_Activity_
The expected output is the full set of entries, printed exactly, without pictures.

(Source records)
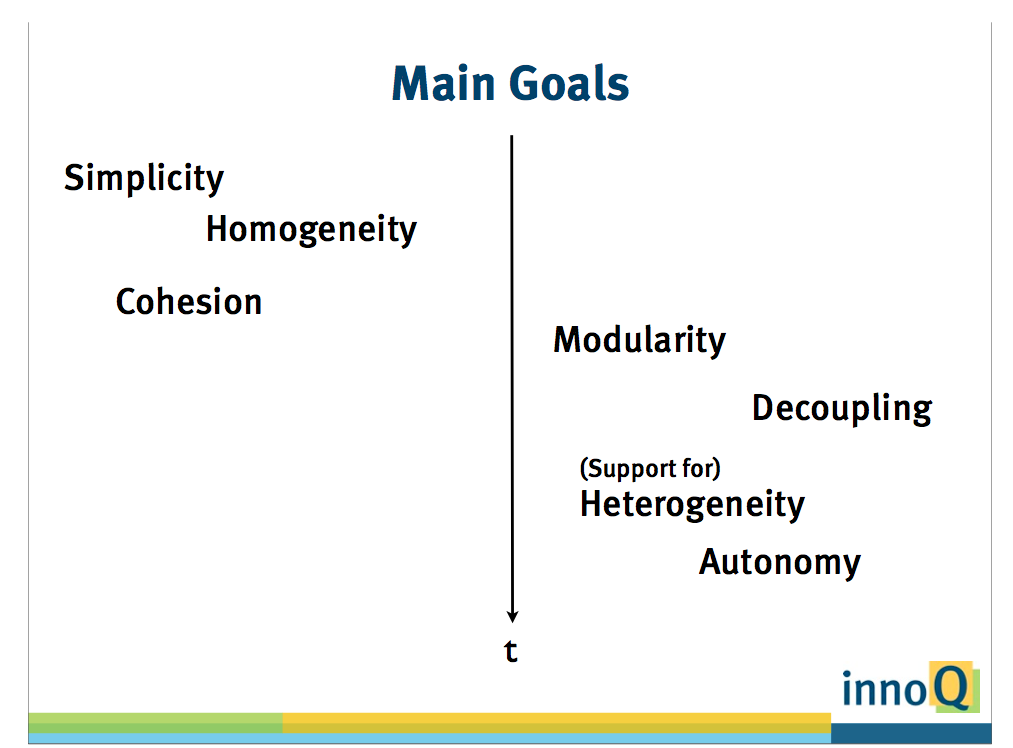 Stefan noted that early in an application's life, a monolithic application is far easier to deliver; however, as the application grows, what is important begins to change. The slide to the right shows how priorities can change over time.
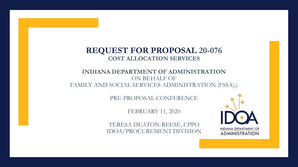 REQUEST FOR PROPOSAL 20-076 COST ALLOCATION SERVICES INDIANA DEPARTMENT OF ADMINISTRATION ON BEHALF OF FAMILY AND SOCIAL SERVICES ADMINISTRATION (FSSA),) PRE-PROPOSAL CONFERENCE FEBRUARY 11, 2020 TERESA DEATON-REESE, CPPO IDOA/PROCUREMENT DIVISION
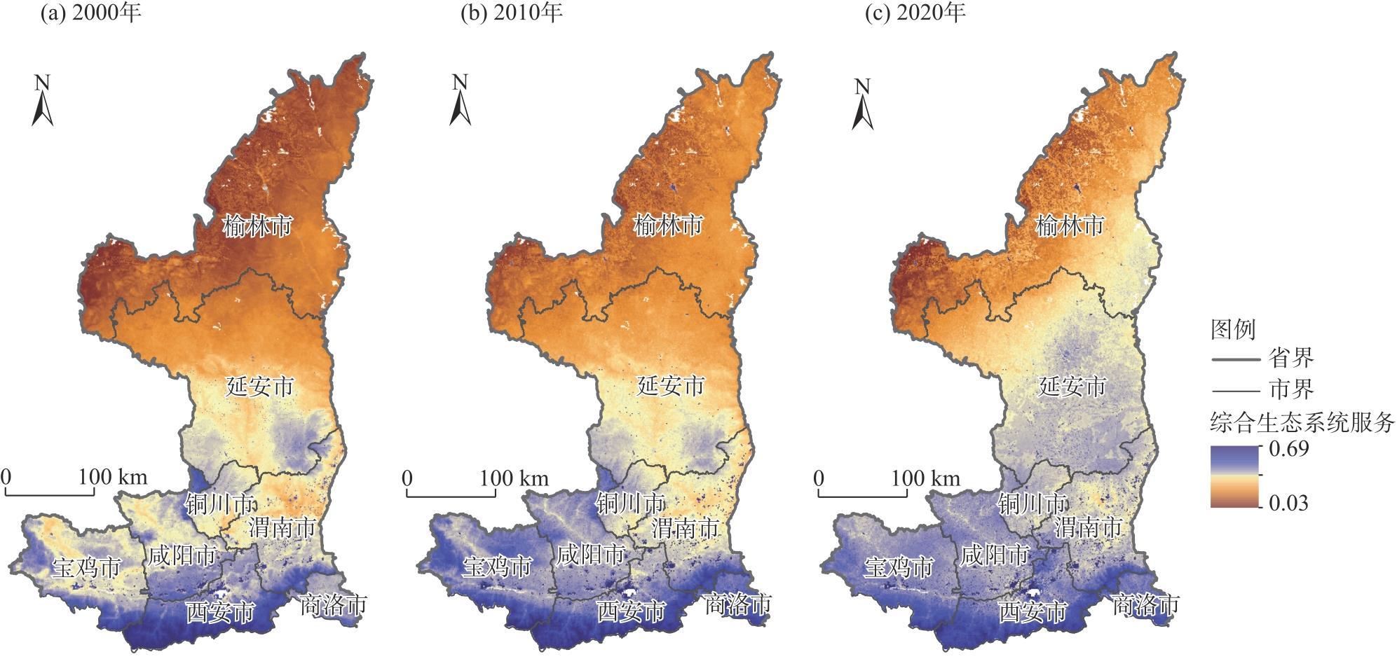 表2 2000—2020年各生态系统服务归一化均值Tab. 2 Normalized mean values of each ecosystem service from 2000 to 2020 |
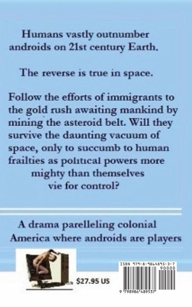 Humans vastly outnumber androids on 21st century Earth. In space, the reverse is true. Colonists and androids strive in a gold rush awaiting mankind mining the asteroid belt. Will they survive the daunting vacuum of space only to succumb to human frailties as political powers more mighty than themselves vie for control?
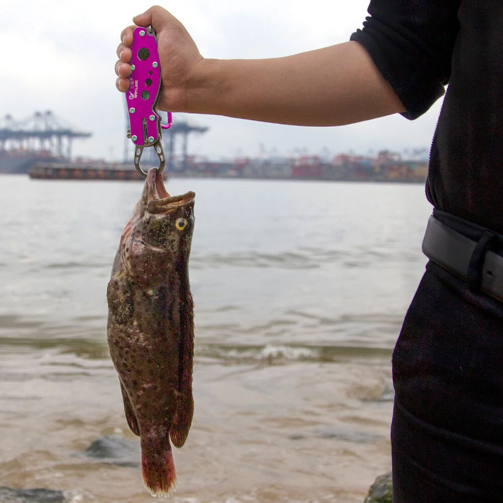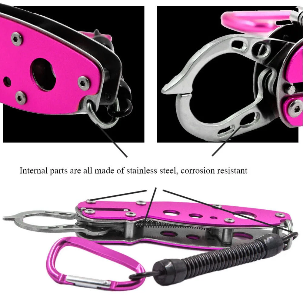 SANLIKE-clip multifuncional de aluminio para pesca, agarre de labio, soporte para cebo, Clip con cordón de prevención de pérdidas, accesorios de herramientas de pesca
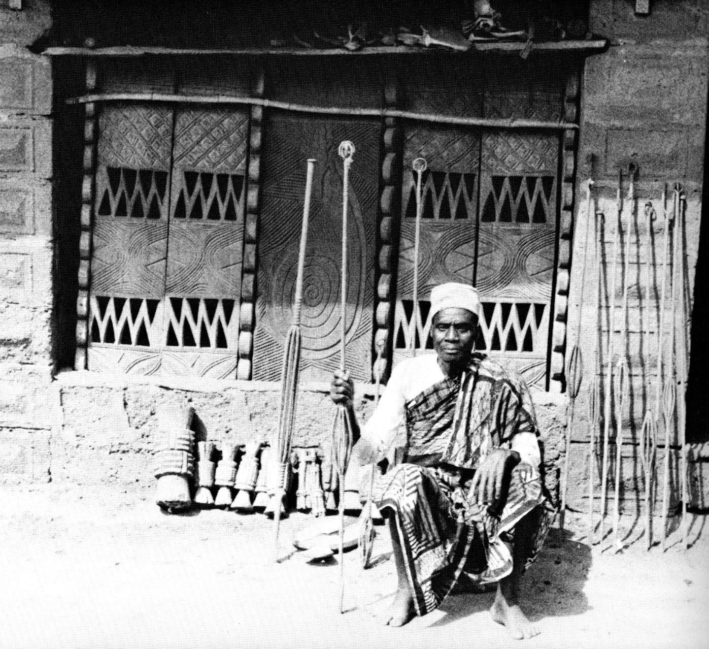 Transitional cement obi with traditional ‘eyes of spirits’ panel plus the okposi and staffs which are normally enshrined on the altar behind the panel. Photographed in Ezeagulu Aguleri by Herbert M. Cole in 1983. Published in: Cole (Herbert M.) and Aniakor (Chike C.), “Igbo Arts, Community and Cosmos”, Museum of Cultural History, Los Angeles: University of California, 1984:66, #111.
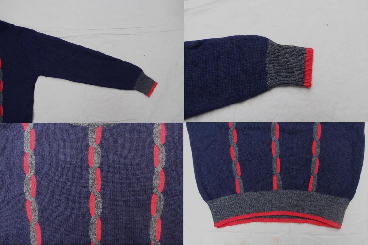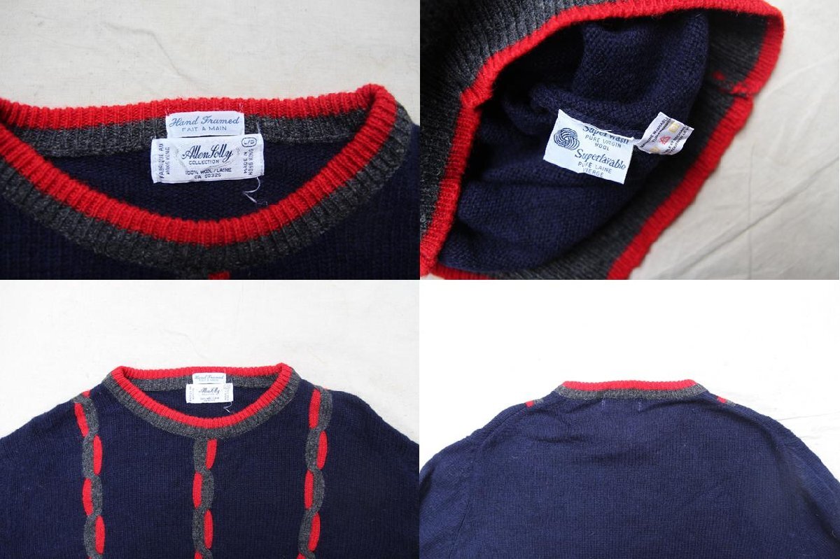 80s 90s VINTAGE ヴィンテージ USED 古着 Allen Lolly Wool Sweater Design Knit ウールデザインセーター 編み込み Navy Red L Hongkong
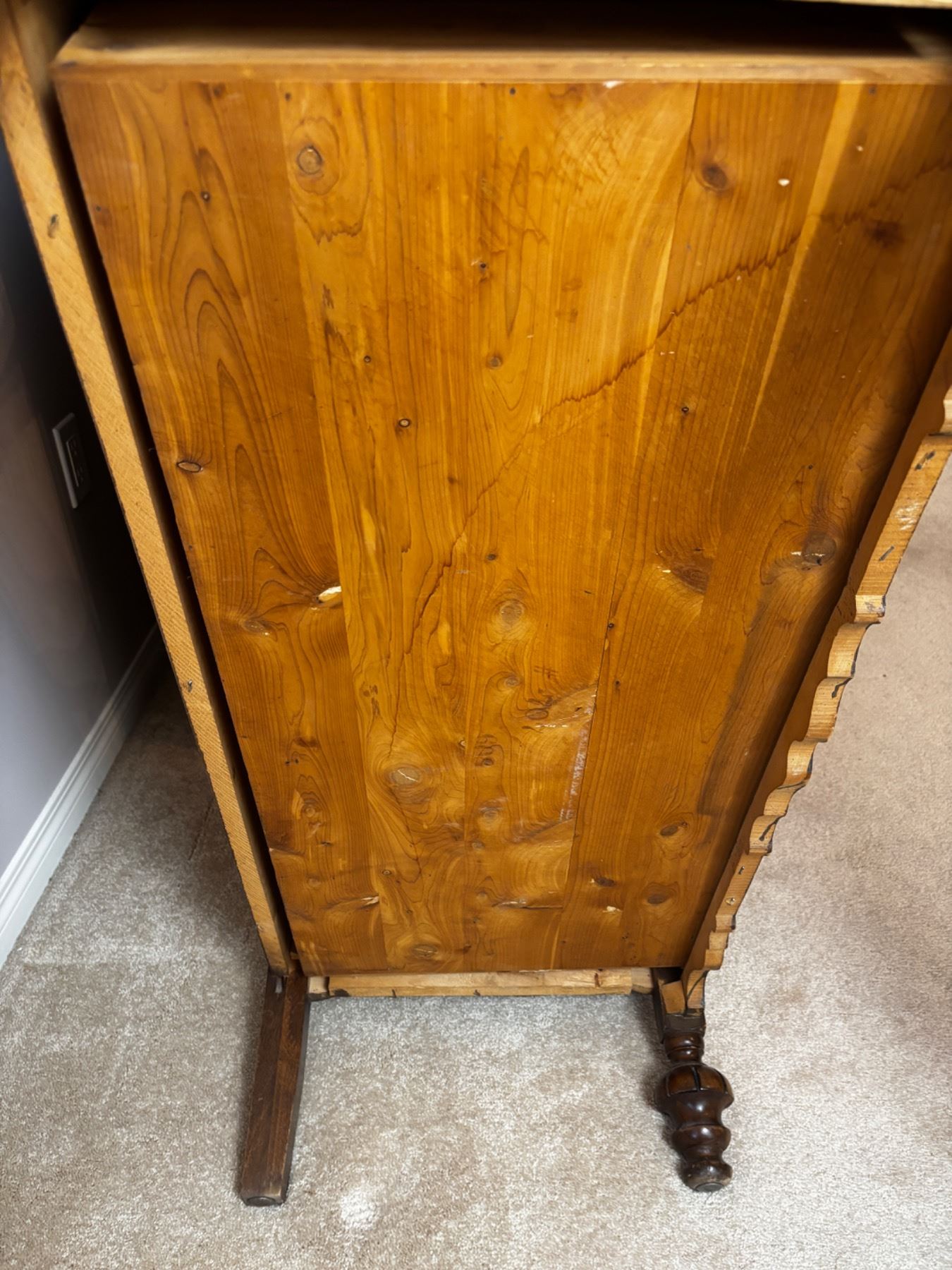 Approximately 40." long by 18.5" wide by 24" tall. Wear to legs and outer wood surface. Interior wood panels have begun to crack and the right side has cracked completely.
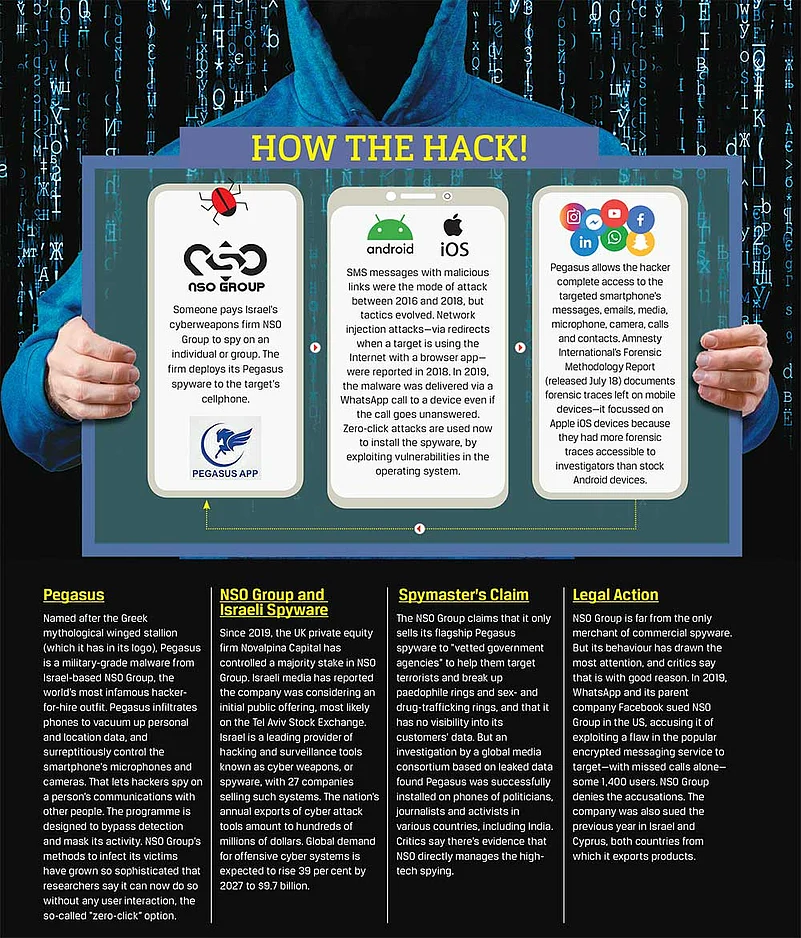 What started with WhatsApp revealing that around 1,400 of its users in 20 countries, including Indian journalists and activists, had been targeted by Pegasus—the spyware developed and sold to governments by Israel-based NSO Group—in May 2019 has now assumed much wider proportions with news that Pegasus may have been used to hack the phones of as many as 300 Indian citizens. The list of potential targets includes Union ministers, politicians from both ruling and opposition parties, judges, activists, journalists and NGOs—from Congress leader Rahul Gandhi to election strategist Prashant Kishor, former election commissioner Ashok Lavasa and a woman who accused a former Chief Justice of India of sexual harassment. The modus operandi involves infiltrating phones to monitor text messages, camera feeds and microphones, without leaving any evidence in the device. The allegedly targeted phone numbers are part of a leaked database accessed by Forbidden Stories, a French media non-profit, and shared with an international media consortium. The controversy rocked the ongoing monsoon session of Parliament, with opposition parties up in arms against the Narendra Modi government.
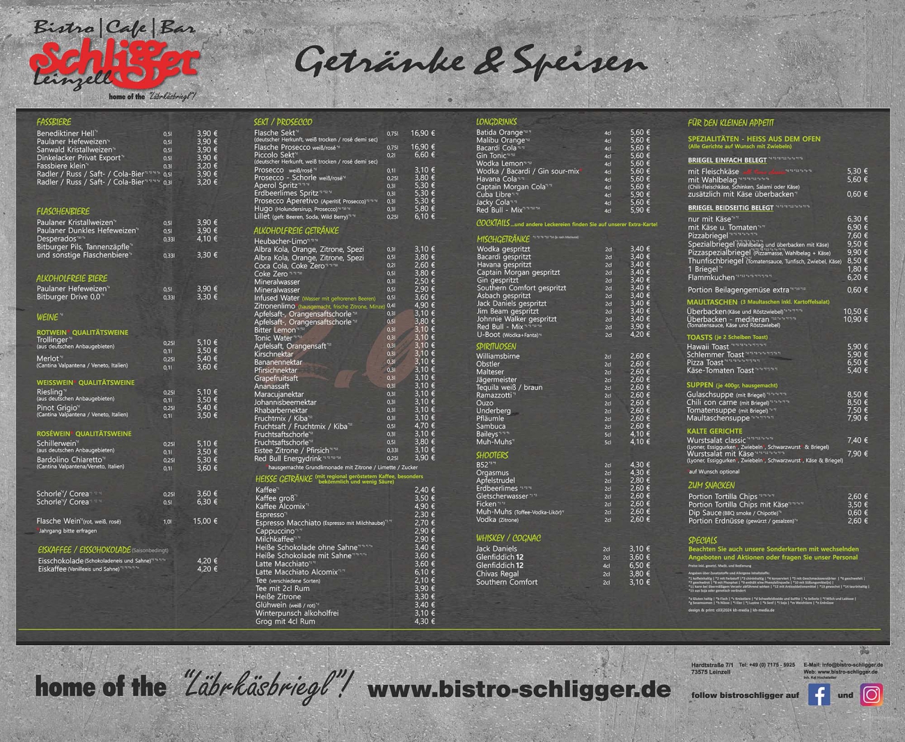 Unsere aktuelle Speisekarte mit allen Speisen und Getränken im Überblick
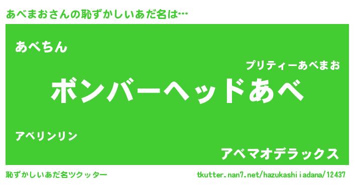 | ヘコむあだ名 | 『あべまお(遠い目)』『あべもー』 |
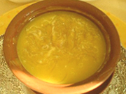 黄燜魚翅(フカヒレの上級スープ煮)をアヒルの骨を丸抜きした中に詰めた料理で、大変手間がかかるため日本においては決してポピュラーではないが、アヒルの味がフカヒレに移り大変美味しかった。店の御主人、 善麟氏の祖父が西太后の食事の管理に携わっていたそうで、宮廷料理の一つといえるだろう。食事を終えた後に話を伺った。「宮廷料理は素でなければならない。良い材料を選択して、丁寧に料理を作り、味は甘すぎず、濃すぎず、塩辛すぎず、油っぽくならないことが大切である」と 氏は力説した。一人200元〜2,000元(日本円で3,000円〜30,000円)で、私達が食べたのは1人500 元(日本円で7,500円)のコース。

_Finished task_
 Stefan noted that early in an application's life, a monolithic application is far easier to deliver; however, as the application grows, what is important begins to change. The slide to the right shows how priorities can change over time.
 REQUEST FOR PROPOSAL 20-076 COST ALLOCATION SERVICES INDIANA DEPARTMENT OF ADMINISTRATION ON BEHALF OF FAMILY AND SOCIAL SERVICES ADMINISTRATION (FSSA),) PRE-PROPOSAL CONFERENCE FEBRUARY 11, 2020 TERESA DEATON-REESE, CPPO IDOA/PROCUREMENT DIVISION
 表2 2000—2020年各生态系统服务归一化均值Tab. 2 Normalized mean values of each ecosystem service from 2000 to 2020 |
 Humans vastly outnumber androids on 21st century Earth. In space, the reverse is true. Colonists and androids strive in a gold rush awaiting mankind mining the asteroid belt. Will they survive the daunting vacuum of space only to succumb to human frailties as political powers more mighty than themselves vie for control?
 SANLIKE-clip multifuncional de aluminio para pesca, agarre de labio, soporte para cebo, Clip con cordón de prevención de pérdidas, accesorios de herramientas de pesca
 Transitional cement obi with traditional ‘eyes of spirits’ panel plus the okposi and staffs which are normally enshrined on the altar behind the panel. Photographed in Ezeagulu Aguleri by Herbert M. Cole in 1983. Published in: Cole (Herbert M.) and Aniakor (Chike C.), “Igbo Arts, Community and Cosmos”, Museum of Cultural History, Los Angeles: University of California, 1984:66, #111.
 80s 90s VINTAGE ヴィンテージ USED 古着 Allen Lolly Wool Sweater Design Knit ウールデザインセーター 編み込み Navy Red L Hongkong
 Approximately 40." long by 18.5" wide by 24" tall. Wear to legs and outer wood surface. Interior wood panels have begun to crack and the right side has cracked completely.
 What started with WhatsApp revealing that around 1,400 of its users in 20 countries, including Indian journalists and activists, had been targeted by Pegasus—the spyware developed and sold to governments by Israel-based NSO Group—in May 2019 has now assumed much wider proportions with news that Pegasus may have been used to hack the phones of as many as 300 Indian citizens. The list of potential targets includes Union ministers, politicians from both ruling and opposition parties, judges, activists, journalists and NGOs—from Congress leader Rahul Gandhi to election strategist Prashant Kishor, former election commissioner Ashok Lavasa and a woman who accused a former Chief Justice of India of sexual harassment. The modus operandi involves infiltrating phones to monitor text messages, camera feeds and microphones, without leaving any evidence in the device. The allegedly targeted phone numbers are part of a leaked database accessed by Forbidden Stories, a French media non-profit, and shared with an international media consortium. The controversy rocked the ongoing monsoon session of Parliament, with opposition parties up in arms against the Narendra Modi government.
 Unsere aktuelle Speisekarte mit allen Speisen und Getränken im Überblick
 | ヘコむあだ名 | 『あべまお(遠い目)』『あべもー』 |
 黄燜魚翅(フカヒレの上級スープ煮)をアヒルの骨を丸抜きした中に詰めた料理で、大変手間がかかるため日本においては決してポピュラーではないが、アヒルの味がフカヒレに移り大変美味しかった。店の御主人、 善麟氏の祖父が西太后の食事の管理に携わっていたそうで、宮廷料理の一つといえるだろう。食事を終えた後に話を伺った。「宮廷料理は素でなければならない。良い材料を選択して、丁寧に料理を作り、味は甘すぎず、濃すぎず、塩辛すぎず、油っぽくならないことが大切である」と 氏は力説した。一人200元〜2,000元(日本円で3,000円〜30,000円)で、私達が食べたのは1人500 元(日本円で7,500円)のコース。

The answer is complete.